**EXERCISE DESCRIPTION:** The lines below, from the one containing "这款鞋子是AAAAA 1:1 质量" through the one containing "ハツとレバーをつないでいる希", should be set down exactly, with no pictures and nothing else.

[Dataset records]
- - -

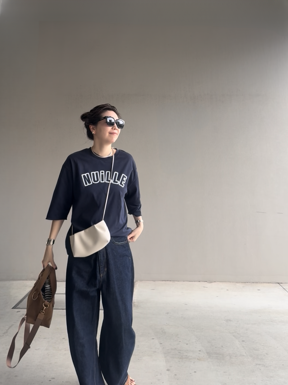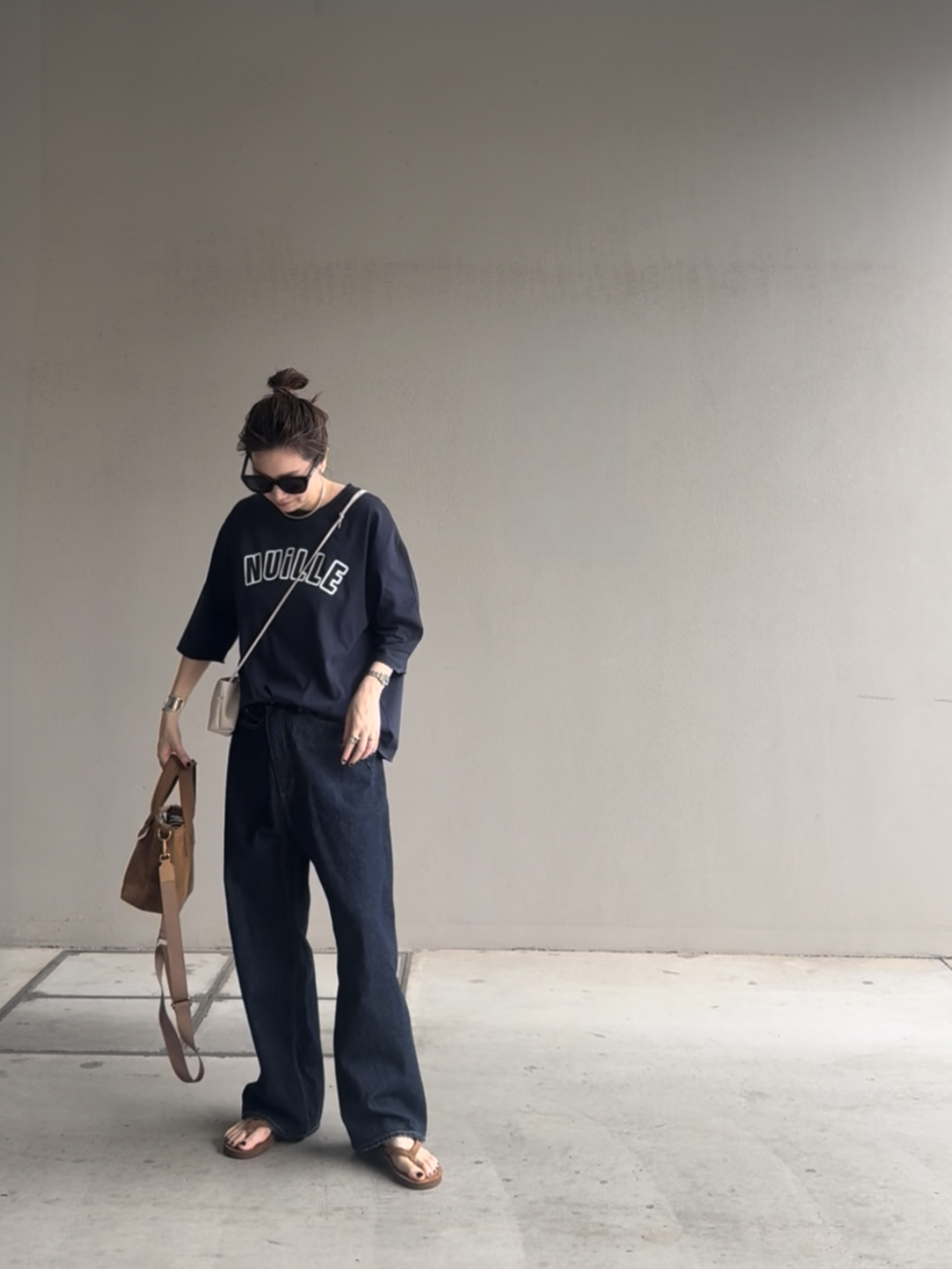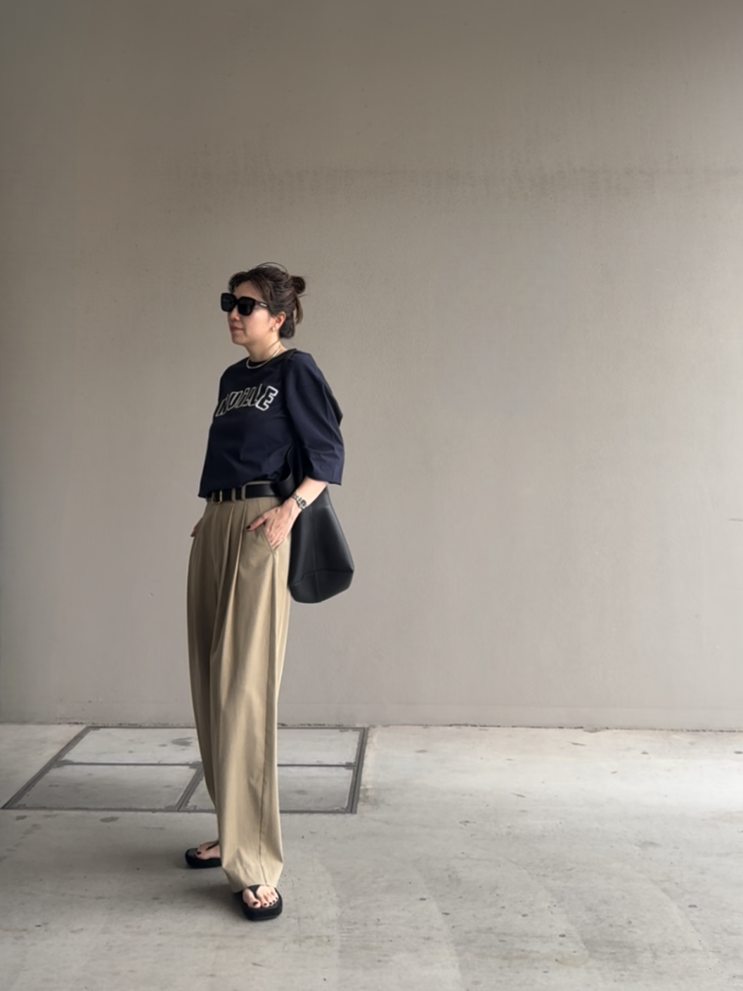 ネイビーにはオフホワイトのロゴで爽やかに。
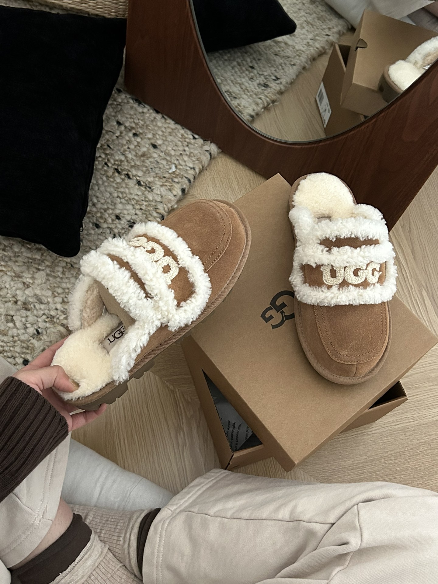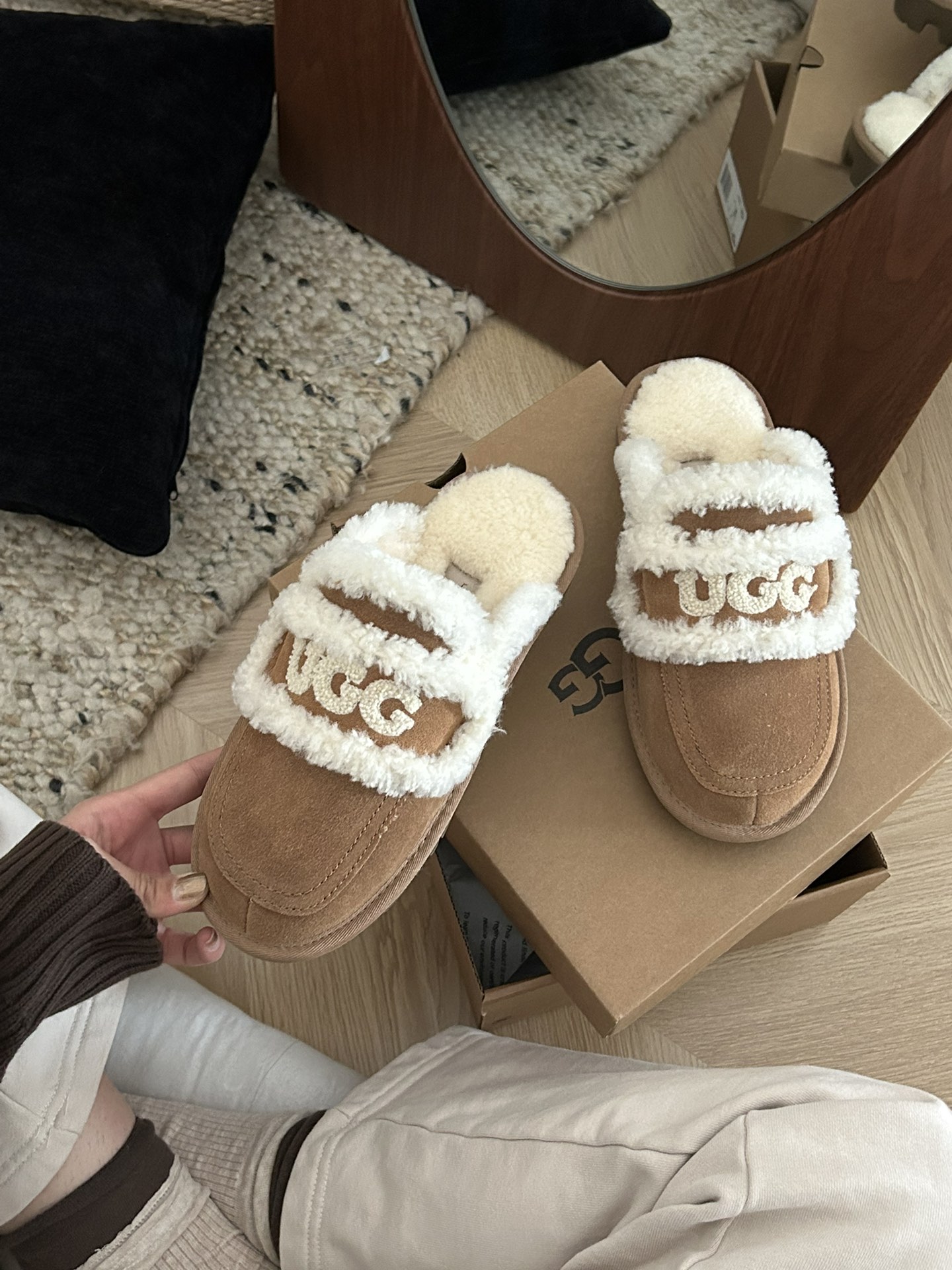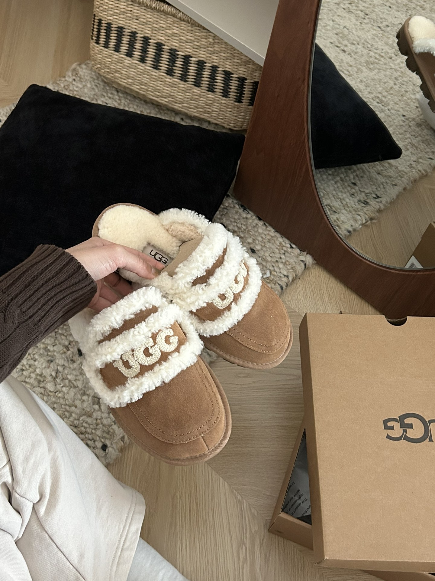 这款鞋子是AAAAA 1:1 质量 (非常棒). 使用了和原版一模一样的材料. 商标部分也保持了和UGG雪地靴一样. 图片拍摄是实物鞋子拍摄, 您所收到的实物保证和我们图片一模一样.
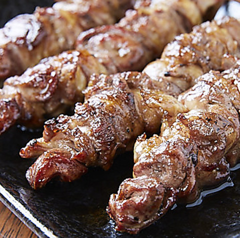 ハツとレバーをつないでいる希少部位「つなぎ」は、お一人様1本限定の当店自慢の逸品です。ぷりっとした弾力と口の中でとろける旨みがたまらない、一度食べたらやみつきになる美味しさなので、ぜひお試しいただきたい一串です♪
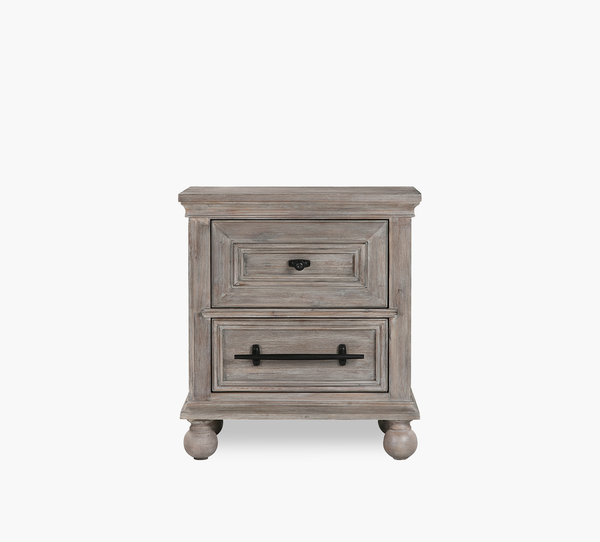 The Hyde Park Dark nightstand is finished in a warm brown wire brushed texture and crafted from Acacia solids and Acacia veneers for lasting durability. It features traditional deep mitered molding, recessed panels, and classic wooden ball feet for a timeless look. Nautical inspired accents include black nickel knob and bar hardware styled after boat cleats. The top drawer is felt lined for added protection and refinement.
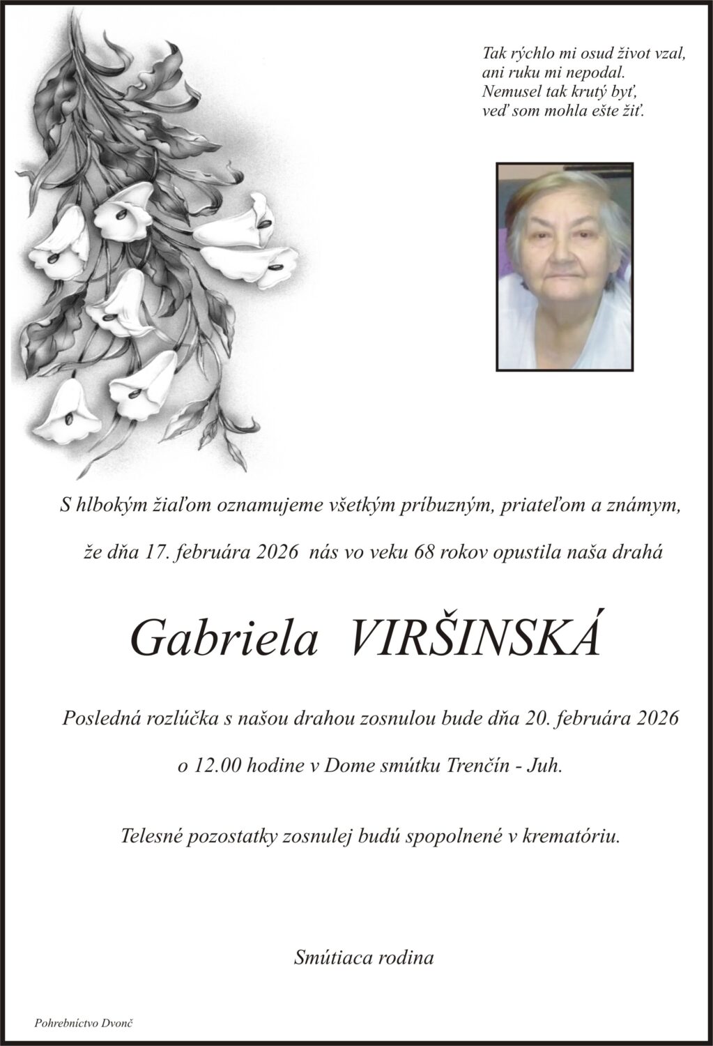 S hlbokým žiaľom oznamujeme všetkým príbuzným, priateľom a známym, že Gabriela Viršinská nás opustil(a) dňa: 17.02.2026, vo veku 68 rokov. Posledná rozlúčka sa uskutoční dňa: 20.02.2026.
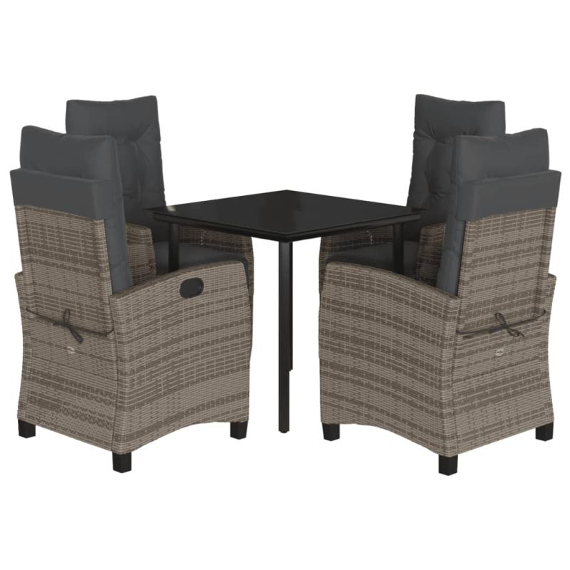 Градински трапезен комплект 5 части с възглавници сив полиратан
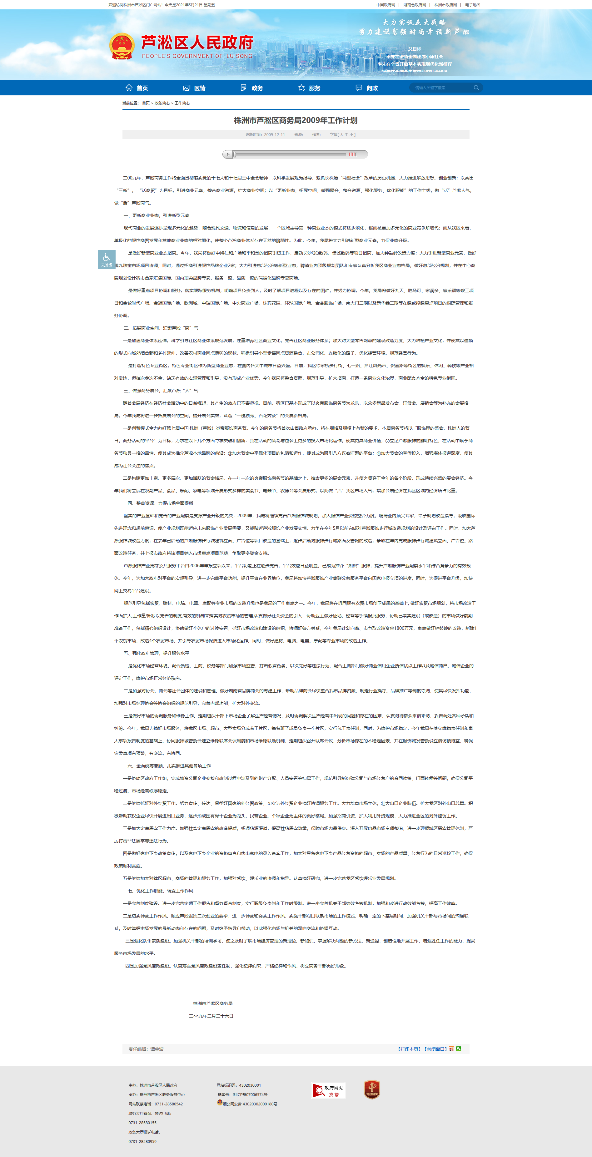 株洲市芦淞区商务局2009年工作计划
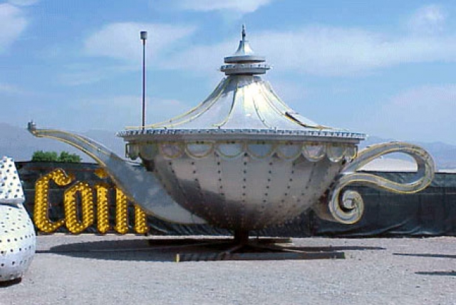 Finally, Milton Prell, the congenial L.A. investor who helped open the Sahara (and sold it to developer Del Webb a few years previously), bought the property for $16 million in the fall of 1965. He added a casino, a 500-seat showroom, and a gourmet restaurant and lounge, and refurbished the rooms. In order to open on New Year’s Day 1966, Prell completed the new resort, which he dubbed the Aladdin, in a miraculous three months. Aladdin’s Magic Lamp -- which stood atop 15-story support beams and featured 40,000 light bulbs -- fronted the new resort.
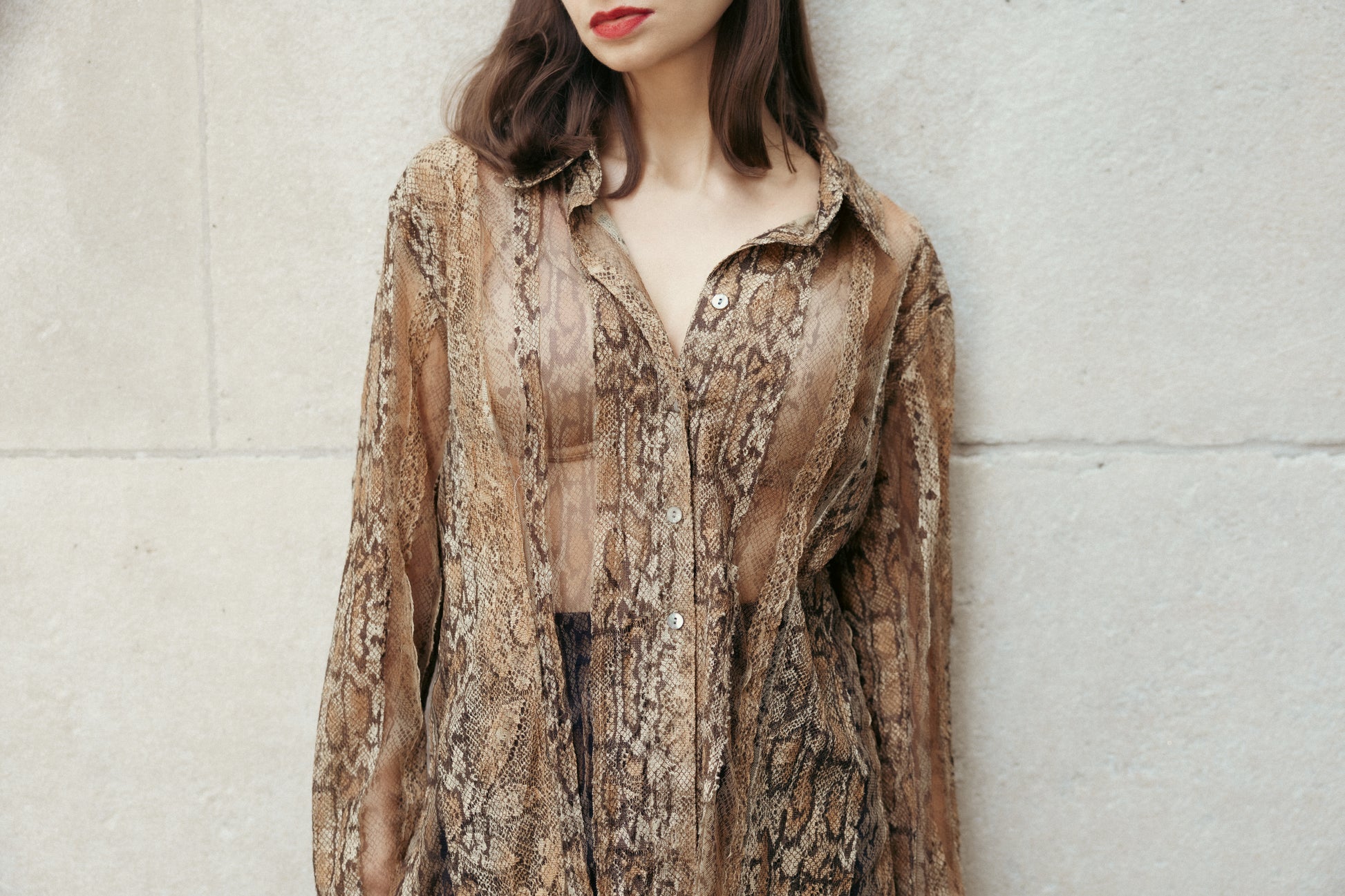 A refined take on animal print, this sheer tiger-pattern blouse brings an elevated edge to any wardrobe. Crafted from a lightweight, translucent fabric, it drapes effortlessly while offering subtle texture and movement. The earthy tones create a warm, natural palette that pairs seamlessly with tailored trousers or structured denim. Finished with a classic collar and soft silhouette, it’s a statement piece that feels both powerful and elegant—perfect for day-to-night styling.

- - -

**EXERCISE OUTPUT:**
 这款鞋子是AAAAA 1:1 质量 (非常棒). 使用了和原版一模一样的材料. 商标部分也保持了和UGG雪地靴一样. 图片拍摄是实物鞋子拍摄, 您所收到的实物保证和我们图片一模一样.
 ハツとレバーをつないでいる希少部位「つなぎ」は、お一人様1本限定の当店自慢の逸品です。ぷりっとした弾力と口の中でとろける旨みがたまらない、一度食べたらやみつきになる美味しさなので、ぜひお試しいただきたい一串です♪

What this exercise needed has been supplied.